Not only have I seen the technical specs of the dipole magnets, but I know one of the guys who designed them. Those specs are not public information, they're only available within the collaboration, but the basic details (ie they're about 8T) is public and highly accurate. You can do the calculations yourself with run of the mill E&M calculations; if the magnetic field was any stronger, the beam wouldn't fit in the circular ring. Don't take my word for it. You'll wind up getting the same number, but by all means, calculate it yourself, it's not too hard if you have a basic understanding of magnetism. Remember, the LHC is in the old LEP tunnel, which is the only reason such powerful magnets were required (digging a new tunnel would cost more than using stronger magnets, but since they're 100m underground anyway it doesn't matter).

Like I said, do the calculations yourself if you don't trust the published figures. The equations have been around since the mid-1800s. Synchotrons aren't that difficult. They've been in use since the 50s, and they're based on Maxwell's Equations, which haven't changed in ~150 years. They were already invariant in the rest frame, so relativity didn't require any changes to E&M like it required with Newtonian kinematics.

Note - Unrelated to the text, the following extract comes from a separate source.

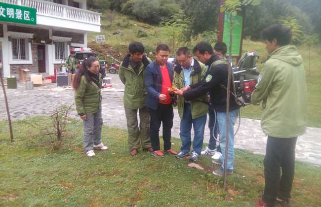 在現場,成都森茂森林消防器材公司的技術人員首先對景區損壞的消防器材進行了維修。然后詳細向景區工作人員講解了高壓水泵、風水滅火機、高壓細水霧滅火機等消防器材工作原理、具體構造以及保養知識和使用方法,并現場指導景區工作人員進行操作實踐。
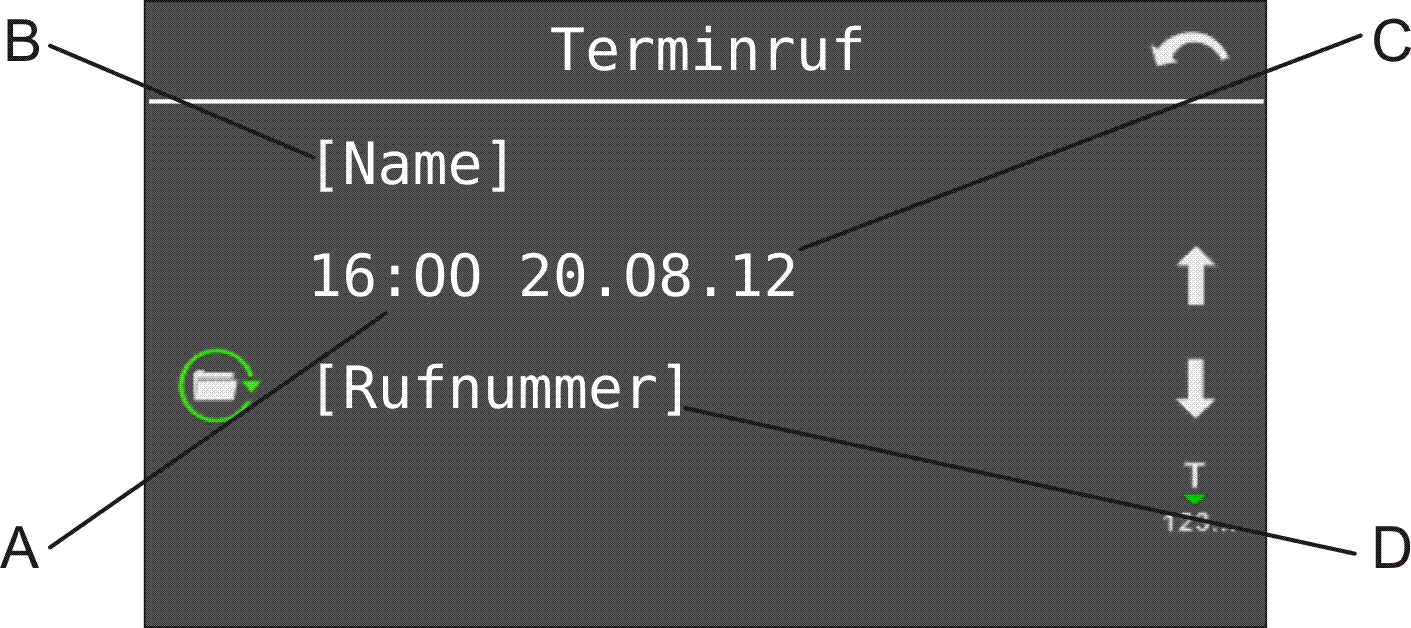 Die folgenden Informationen zum Termin werden im Display angezeigt:

However, you CAN take my word on this: Liquid Helium cooled superconducting magnets have almost no military application. I can imagine maybe making some sort of rail gun with them if you wanted to throw a lot of money away (the military already has a rail gun, and they use much more efficient magnets than we use). The LHC didn't exactly invent superconductors and I'm not sure how you're drawing a link.

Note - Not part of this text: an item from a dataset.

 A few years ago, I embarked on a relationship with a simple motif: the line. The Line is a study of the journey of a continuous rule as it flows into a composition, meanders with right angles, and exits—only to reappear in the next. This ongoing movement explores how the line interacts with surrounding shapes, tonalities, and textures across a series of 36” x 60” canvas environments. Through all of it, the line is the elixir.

I thought you were just another run of the mill LHC doomsday nutjob, but it turns out you're a full-blown conspiracy theorist in disguise!

Okay, sorry if I missed the whale guts joke, but the rest of your posts have been in a serious tone and have lacked intelligence. Worse yet, it was part of an utterly stupid rant on how the magnetic fields are going to screw up animal migrations. Don't blame me if you come across as someone who might think that Switzerland has a sea border (perhaps you had mixed it up with Sweden, I don't know).

Believe me, if the LHC had anything to do with weapons research I'd be paid MUCH more than the paltry salary I receive now. I WISH I could make that kind of income.
 

Jeff7

Lifer
Jan 4, 2001
41,596
20
81
Originally posted by: SSSnail
Slick, you do realize that Eeezeee is actually a physicist working at CERN right?
He's just part of the plan to kill us all!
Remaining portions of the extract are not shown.